- _PROBLEM_
Give back only the lines in the records below from the one with "据悉,该明星因为赌博可谓是输" to the one with "厚みのあるドッグタグ風のプレートに繊細なスタンプワークを施しています。", both inclusive, word for word.

- _DATA RECORDS_
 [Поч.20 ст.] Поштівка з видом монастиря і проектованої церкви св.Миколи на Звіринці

==

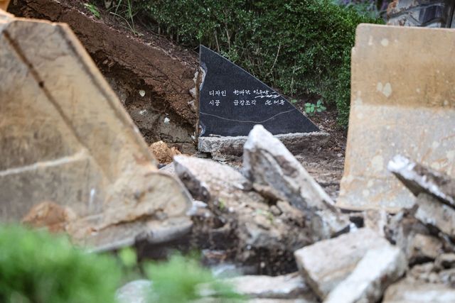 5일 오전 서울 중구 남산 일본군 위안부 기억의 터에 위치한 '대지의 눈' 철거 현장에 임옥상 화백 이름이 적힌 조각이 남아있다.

---

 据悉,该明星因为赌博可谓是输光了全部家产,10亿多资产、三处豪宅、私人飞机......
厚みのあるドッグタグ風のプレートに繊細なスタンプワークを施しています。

- _TASK RESPONSE_
 据悉,该明星因为赌博可谓是输光了全部家产,10亿多资产、三处豪宅、私人飞机......
厚みのあるドッグタグ風のプレートに繊細なスタンプワークを施しています。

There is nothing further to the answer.